다음에, 상술한 바와 같은 구성을 갖는 본 발명의 자동 통역 장치를 이용하여 자동 통역 서비스를 제공하는 일련의 과정들에 대하여 상세하게 설명한다.Next, a series of processes for providing an automatic interpretation service using the automatic interpretation apparatus of the present invention having the above-described configuration will be described in detail.

도 3은 본 발명의 실시 예에 따라 사용자의 얼굴 영상 인증 및 화자 적응과 입술 움직임 영상의 추적에 의한 음성 구간 확인을 통해 자동 통역 서비스를 제공하는 주요 과정을 도시한 순서도이다.FIG. 3 is a flowchart illustrating a main process of providing an automatic interpretation service through facial image authentication and speaker adaptation of a user according to an embodiment of the present invention, and confirmation of a voice interval by tracking a lip motion image.

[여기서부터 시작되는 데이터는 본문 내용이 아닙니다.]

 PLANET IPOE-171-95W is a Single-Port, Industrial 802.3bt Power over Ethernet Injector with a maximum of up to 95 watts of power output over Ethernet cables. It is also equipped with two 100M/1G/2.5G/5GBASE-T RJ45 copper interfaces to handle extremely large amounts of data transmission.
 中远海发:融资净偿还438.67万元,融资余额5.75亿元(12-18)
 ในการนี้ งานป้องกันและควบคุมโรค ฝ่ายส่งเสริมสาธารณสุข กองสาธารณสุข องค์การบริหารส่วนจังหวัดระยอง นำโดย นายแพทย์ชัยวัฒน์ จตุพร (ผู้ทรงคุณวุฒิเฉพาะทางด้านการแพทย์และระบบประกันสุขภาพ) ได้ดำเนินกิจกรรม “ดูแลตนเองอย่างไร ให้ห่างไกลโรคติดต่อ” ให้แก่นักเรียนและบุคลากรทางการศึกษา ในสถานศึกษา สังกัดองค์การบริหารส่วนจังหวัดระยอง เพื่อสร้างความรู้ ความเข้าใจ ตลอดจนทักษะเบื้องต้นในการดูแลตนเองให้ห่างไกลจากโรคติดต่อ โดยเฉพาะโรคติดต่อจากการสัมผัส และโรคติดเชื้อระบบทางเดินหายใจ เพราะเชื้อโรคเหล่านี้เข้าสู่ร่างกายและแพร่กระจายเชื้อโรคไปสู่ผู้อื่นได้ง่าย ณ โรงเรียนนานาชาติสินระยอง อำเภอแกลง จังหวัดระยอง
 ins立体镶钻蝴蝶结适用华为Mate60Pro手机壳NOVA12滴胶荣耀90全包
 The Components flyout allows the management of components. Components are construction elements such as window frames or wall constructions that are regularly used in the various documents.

도 3을 참조하면, 도시 생략된 휴대 단말의 전면 카메라로부터 사용자의 영상신호가 입력되면(단계 302), 영상 획득 블록(102)에서는 이를 인식하여 획득된 얼굴 영상을 윤곽선 및 요소 추출 블록(104)으로 전달한다.Referring to FIG. 3, when a user's image signal is input from a front camera of a portable terminal (not shown) (step 302), the image acquisition block 102 recognizes the face image, .

이때, 인식된 얼굴 영상의 프레임은 사용자 인터페이스 화면에 있는 얼굴 영상 윈도우에 표시되는데(단계 304), 이와 같이 얼굴 영상 윈도우에 표시되는 얼굴 영상은, 일예로서 도 5에서 점선으로 도시된 바와 같이, 얼굴 접근 유도선(504)에 맞게 조정되도록 얼굴 위치의 조정을 유도할 수 있다.At this time, the recognized face image frame is displayed on the face image window on the user interface screen (step 304). The face image displayed on the face image window in this way is, for example, It is possible to induce adjustment of the face position so as to be adjusted to the approach guide line 504.

이에 응답하여, 윤곽선 및 요소 추출 블록(104)에서는 얼굴 영상 윈도우로부터 얼굴 윤곽선과 얼굴 요소(예컨대, 눈썹, 눈, 코, 입, 각 얼굴 요소의 길이, 폭, 상대적인 위치 등)를 각각 추출한다(단계 306).In response, the contour and element extraction block 104 extracts facial contours and facial elements (e.g., eyebrows, eyes, nose, mouth, length, width, relative position, etc.) from the facial image window Step 306).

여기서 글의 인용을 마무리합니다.